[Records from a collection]
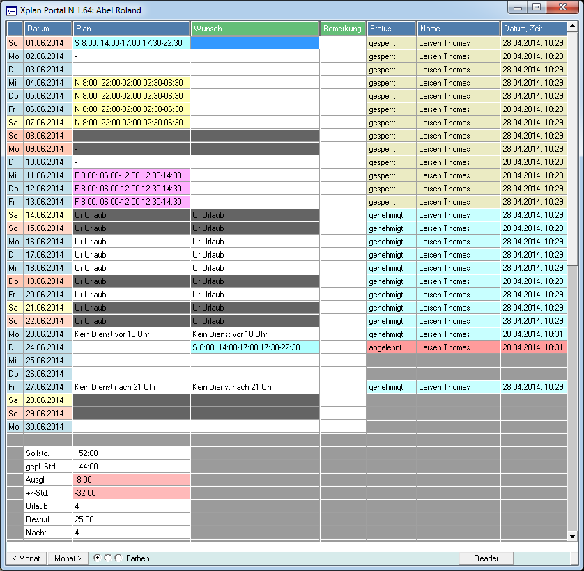 Wunschdienste und Wunschfehltage werden im Sollplan durch gelbe Schrift gekennzeichnet.
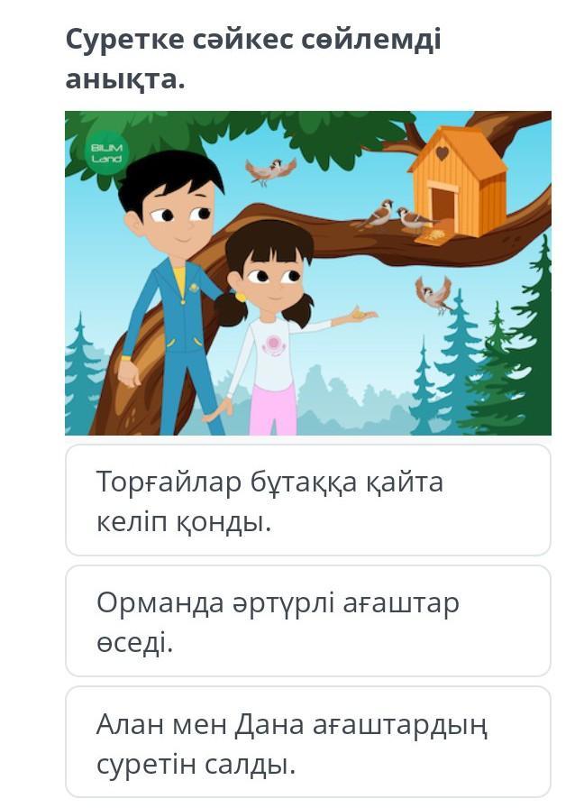 Суретке сәйкес сөйлемді анықта. BILIM Land Торғайлар бұтаққа қайта келіп қонды. Орманда әртүрлі ағаштар өседі. Алан мен Дана ағаштардың суретін салды. Срочноооооооооооо
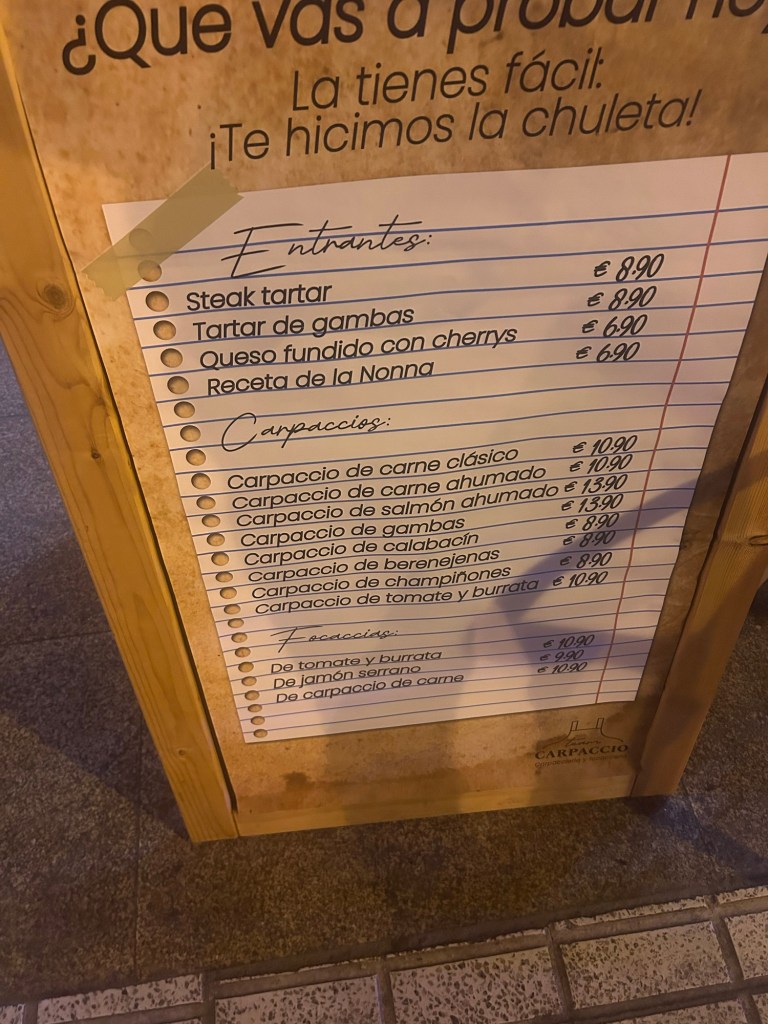 Pulpo ready to eatIn concourse B. Why are these men smiling?Happy pilgrim Choices of carpaccio
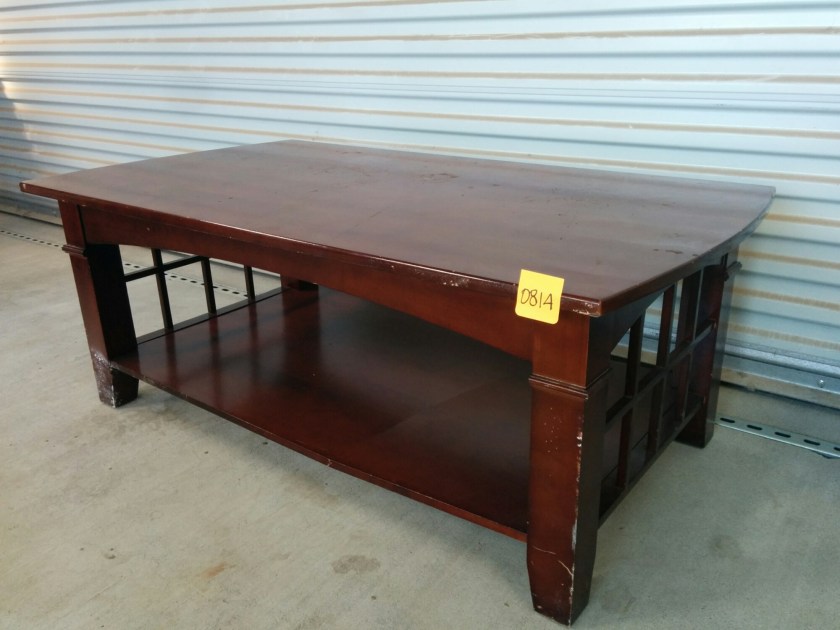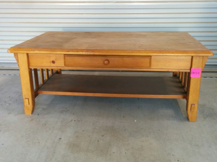 *SOLD* 0834 Medium Mission Style Coffee Table Dumped, SOLD Solid wood. Beveled edge. 17″H x 45″W x 28″D
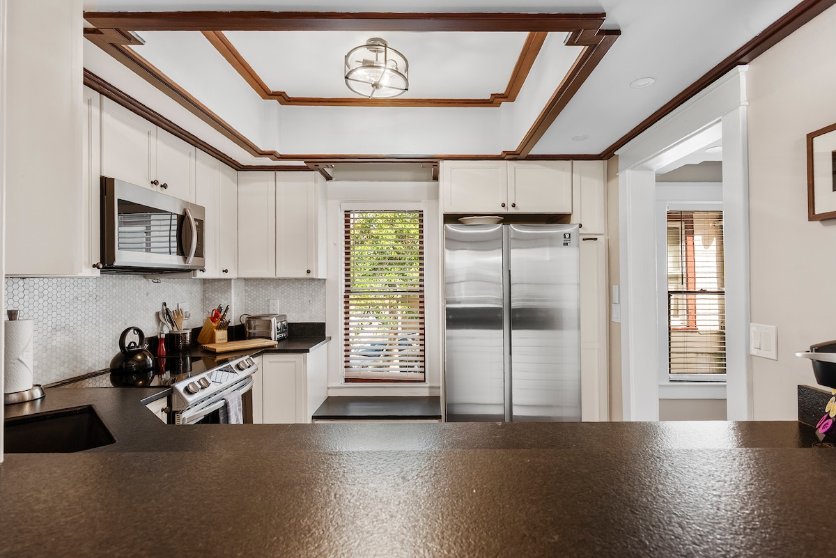 This corner apartment features high ceilings, exposed brick, 9 windows with riverfront views, 2 cozy bedrooms and a grand open kitchen complete with a large island and dining area that flows into an open living room filled with natural light. With classic design touches as well as modern features you’ll be sure to appreciate the beauty as well as the views and convenience. It features a full kitchen with an island, tile and hardwood floaring, 2 comfortable bedrooms and an updated bathroom.

> Task description:
Copy the records above from the first line through the line containing "45″W x 28″D", both included, and leave out any pictures.

> Answer for this exercise:
 Wunschdienste und Wunschfehltage werden im Sollplan durch gelbe Schrift gekennzeichnet.
 Суретке сәйкес сөйлемді анықта. BILIM Land Торғайлар бұтаққа қайта келіп қонды. Орманда әртүрлі ағаштар өседі. Алан мен Дана ағаштардың суретін салды. Срочноооооооооооо
 Pulpo ready to eatIn concourse B. Why are these men smiling?Happy pilgrim Choices of carpaccio
 *SOLD* 0834 Medium Mission Style Coffee Table Dumped, SOLD Solid wood. Beveled edge. 17″H x 45″W x 28″D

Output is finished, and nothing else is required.